I must confess that over the years I have struggled with finding the balance between “outreach” and “discipleship”. Like many youth pastors, I cleverly created and labeled two distinct programs to accomplish these goals in hopes of finding that happy medium (like ordering extra large fries and then a Diet Coke!)
In my mind, “outreach” meant putting on sweet events that targeted the “unchurched” and “unsaved” students in our community. Our music and message needed to be cool and relevant and not too churchy. If we could get 50 kids to show up at something and somehow through the semi-controlled chaos, speak to them about Jesus, then we had done our jobs.
This mindset then carried over to our mid-week programs and our “open door policy” aimed at community kids coming to youth group.
On the flip side, discipleship would occur Sundays (seemed like a good day to do spiritual things). Sunday mornings we had Sunday school and Bible Study, and then during the evening our small groups met.

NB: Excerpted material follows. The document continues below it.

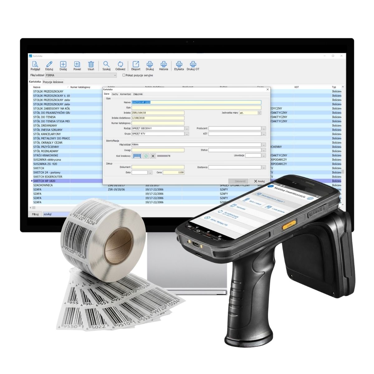 Program Szybka Inwentaryzacja w połączeniu z kolektorem danych oraz zadrukowanymi etykietami w ilości 1000 sztuk pozwala w prosty sposób spisać całe wyposażenie firmy.

The challenge was always to get the mid-week students somehow interested and committed to becoming “Sunday” or “core” students. Perhaps this model sounds familiar…thanks Doug Fields!
Seriously though, I do thank him because it worked and has worked in many situations and contexts.
It just doesn’t work anymore for me.
The quandry I found myself fighting was how deep and spiritual do I get at youth group. I still wanted to have this open-door policy and provide an atmosphere conducive for new kids to come, yet now I wrestled with how much real life-change and transformation was taking place during Wacky Whiffle ball and What is the Bible? messages.
Here is what I am convinced of. As a youth leader, we should take our students as deep as we have gone…and are in the process of going (meaning that we ourselves must continue to grow)
Even though we may hinder the masses from coming, those who do come will put themselves in opportunities each week to let the Holy Spirit work in their hearts and lives.
Remember, we are striving to not just to see 15-18 year Christians, but to produce 30-40 year old Christians.
Let’s not short change long term spiritual growth for the sake of making things “cool”. Ultimately it may hurt our students in the long run. We want them to experience the fullness of partnering with God in a broken world and bring wholeness and health in every way.
Provide atmospheres in what you do to allow the students to connect with each other and with God in ways to bring about restoration, renewal, and reconciliation.
Now, I still have a real long way to go, but just over this past year, we have witnessed tremendous spiritual r. Healing, transformative prayer times, deeper spiritual insights, and alive and active faith leading to action. Our pond may be small, but we are doing deep and who knows what lies at the bottom (besides bigger fish)
I would rather have a small but deep pond with some really good fish in it then a wide and shallow lake full of tiny guppies.